§ TASK DESCRIPTION: The expected response is the complete listing below, restated exactly, with its pictures omitted.

§ DATA:

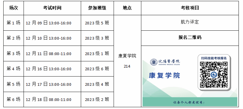 ①由于各班级考核时间不同,报名时一定按照表中时间报名对应场次!
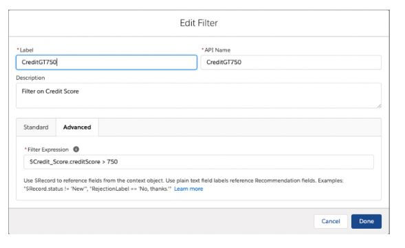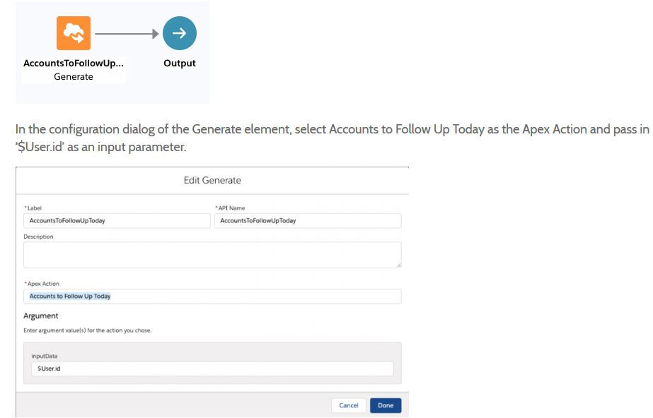 Suppose you want to recommend the top accounts your salespeople should meet with today because the last interaction was more than 90 days ago. With the Generate element, you can call an Apex Action which does a SOQL query for Accounts where the Owner is the logged in user (the salesperson) and identify those accounts where the last contact date was more than 90 days ago. The relevant accounts can be returned in the form of recommendations.
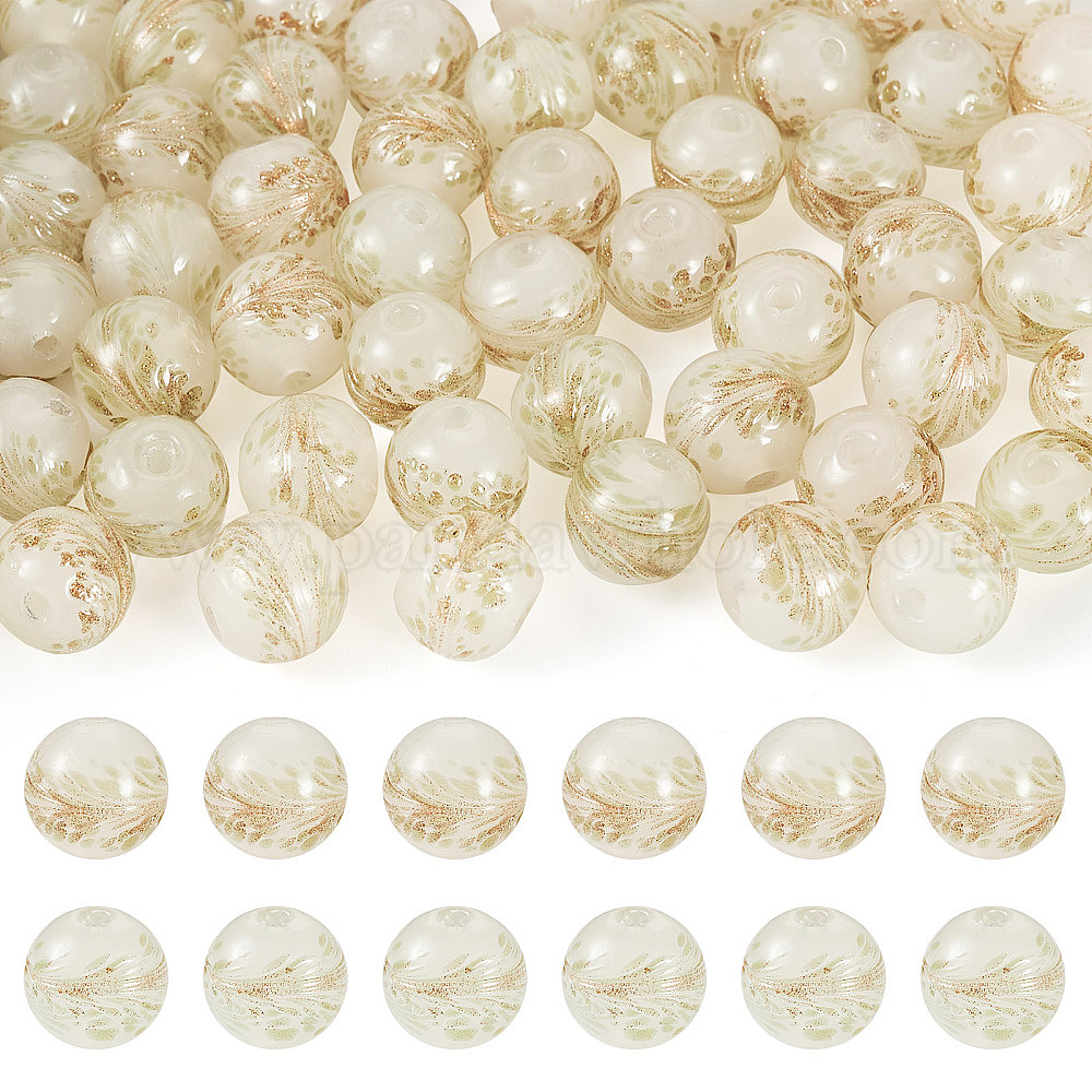 50 шт. бусины ручной работы из песка в технике лэмпворк, круглая с цветком

§ SOLVED EXERCISE:
 ①由于各班级考核时间不同,报名时一定按照表中时间报名对应场次!
 Suppose you want to recommend the top accounts your salespeople should meet with today because the last interaction was more than 90 days ago. With the Generate element, you can call an Apex Action which does a SOQL query for Accounts where the Owner is the logged in user (the salesperson) and identify those accounts where the last contact date was more than 90 days ago. The relevant accounts can be returned in the form of recommendations.
 50 шт. бусины ручной работы из песка в технике лэмпворк, круглая с цветком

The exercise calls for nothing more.